As more and more documents can be accessed over internet, people are increasingly using the web search engines as a tool to facilitate their search for solutions to their problems. Typically, a user formulates a query to represent the information need, and send it to a search engine. The search engine then uses a matching algorithm to retrieve all documents containing at least one query string, and delivers the result in the form of a list with the documents being ranked according to their similarity to the query. It is up to the user to read through the list of all documents to identify relevant documents as an answer. The structure of this ranked list could be effective and efficient if all relevant documents are all ranked highly (say top five to ten). Unfortunately, this is not always the case. The list structure fails to facilitate the user in finding answers in many situations, such as:
In each of the above circumstances, different organisational approaches may be felicitous. For example, a table of contents-like overview or summary of the retrieved documents could help the user understand more about the retrieved documents and guide the users navigation. Redundant documents could be grouped together and represented by only a representative document; relevant documents could be pooled together and separated from irrelevant documents so that the user need not to find them one by one.
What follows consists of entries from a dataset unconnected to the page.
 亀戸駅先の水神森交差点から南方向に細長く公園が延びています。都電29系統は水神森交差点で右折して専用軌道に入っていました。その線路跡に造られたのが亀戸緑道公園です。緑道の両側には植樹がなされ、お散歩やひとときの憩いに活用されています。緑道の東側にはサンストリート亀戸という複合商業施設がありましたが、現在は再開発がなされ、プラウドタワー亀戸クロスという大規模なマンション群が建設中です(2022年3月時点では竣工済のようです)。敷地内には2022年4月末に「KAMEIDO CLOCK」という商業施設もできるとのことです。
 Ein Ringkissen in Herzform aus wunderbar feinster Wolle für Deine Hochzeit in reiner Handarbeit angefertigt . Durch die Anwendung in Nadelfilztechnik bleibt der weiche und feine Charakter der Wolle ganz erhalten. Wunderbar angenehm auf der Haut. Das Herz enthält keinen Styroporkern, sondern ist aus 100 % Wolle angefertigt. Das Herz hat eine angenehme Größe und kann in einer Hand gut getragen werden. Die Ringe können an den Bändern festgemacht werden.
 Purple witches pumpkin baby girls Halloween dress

As a post-search step, various structures can be applied to organise the retrieved documents. The user can thus manipulate the organisation of the retrieved documents and find suitable entry points that lead to their needed information in certain circumstance.
We proposed and tested two structured approaches to deliver the retrieved documents to the web. The list of retrieved documents are reorganized according to the proposed structures, aiming to help users better understand the set of retrieved documents and provide various entry points to the needed information. These two structures focus on the information need that involves seeking specific aspects of a topic. We refer this kind of information needs as aspect topics. The answer of an aspect topic consists of more than one related piece of information. For example, the question what non-surgical alternatives exist for treating heart disease? might have diet, exercise, meditation, and drug programs as different aspects of the answer.
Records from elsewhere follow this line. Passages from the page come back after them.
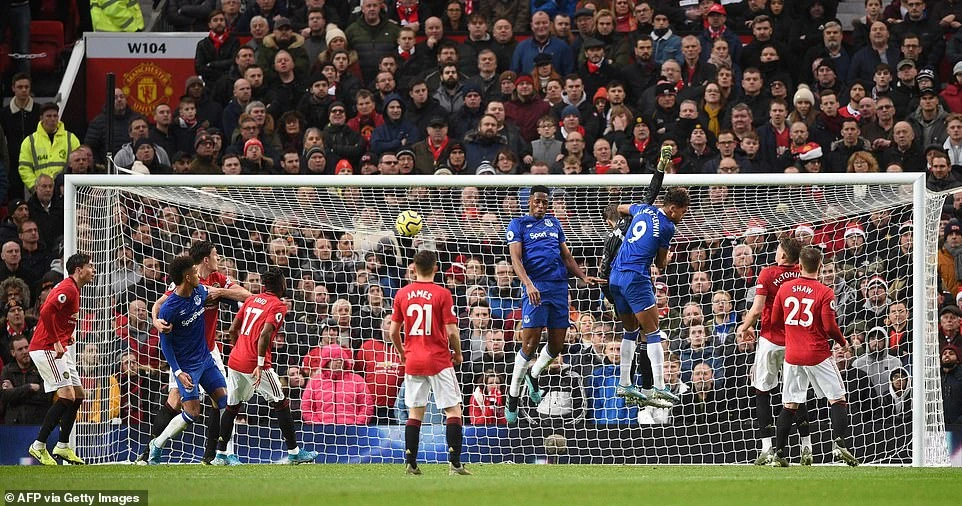 Có cơ hội dẫn trước, Everton quyết giữ thế trận chặt chẽ để kết thúc hiệp một với lợi thế dẫn trước 1-0 trên sân nhà của Man. United.
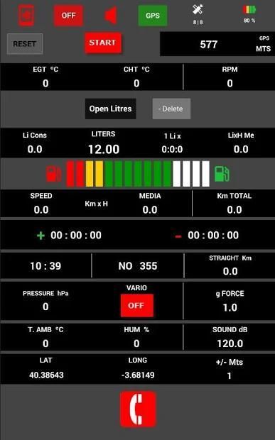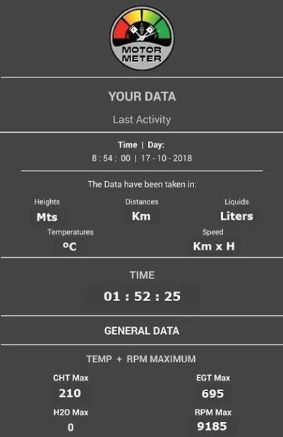 The Motor Meter is an application for Mobile and Tablet (in Android) that with sensors installed in our engine and connected by Bluetooth with the switchboard, we will indicate data of: EGT (exhaust gases temperature), CHT (cylinder head temperature-spark plug), H2O ( Water Research temperature-refrigerant), RPM (revolutions per minute), Fuel consumption (liters consumed, liters in tank, time consuming 1 litre, liters per hour of average, Fuel marker by colors, Current Speed, Average Speed, Total distances, Straight line distances, positive Chronometer (the time we take), negative Chronometer (the remaining time according to fuel in the tank), GPS or Sensor Heights, accumulated Heights, Pressure, Variometer, Force g meter, Ambient Temperature and Humidity, Sound meter, Coordinates and extra Data.
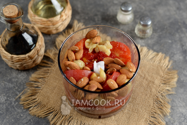 Пробейте содержимое до однородного состояния - в этом случае в соусе будут попадаться маленькие кусочки орехов. Если же хотите совсем однородное состояние, тогда пробейте содержимое погружным блендером.
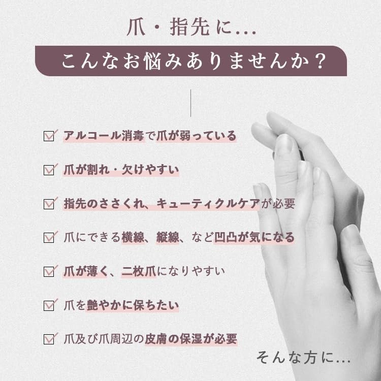9種類の植物油と2種類のケラチン(ケラチンと加水分解されたケラチン /すべての保湿)で配合され、乾燥によって引き起こされる損傷を修復し、強く、美しく健康的な指先につながりました。ジェルのようなオイルは簡単に滴下できず、2種類のふわふわした香りは静かに包みます。リップグロスのようなかわいいパッケージと旅行に最適です。植物のオイルベースの爪の修理と爪と甘い肌が爪のひび割れ、欠け、剥がれ、健康的で光沢のある仕上げを維持するのを防ぎ、最も甘い肌を防ぎます。グリコール酸含有量0.00700%
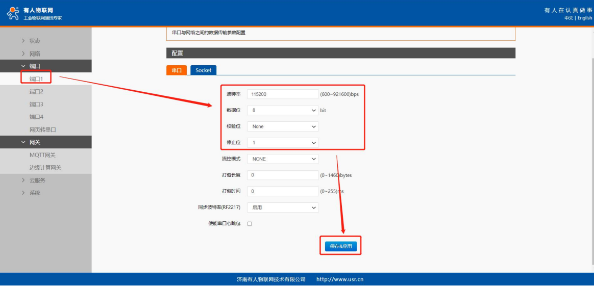 (1) 在“端口”--“端口 1”界面配置端口 1 串口參數(shù)

Classification is the most primitive and common activities of human being, which consists of sorting like things into categories. The popular application of categories proves it to be an effective way to help people manage their information. The basic idea behind the two structured deliveries is to classify the retrieved documents. Instead of using a set of pre-defined static categories, the two structure deliveries use different approaches to capture categories dynamically. One is a date-driven approach that finds categories automatically by using a clustering method, and the other is a question-driven approach that derives categories interactively from a users expected answer.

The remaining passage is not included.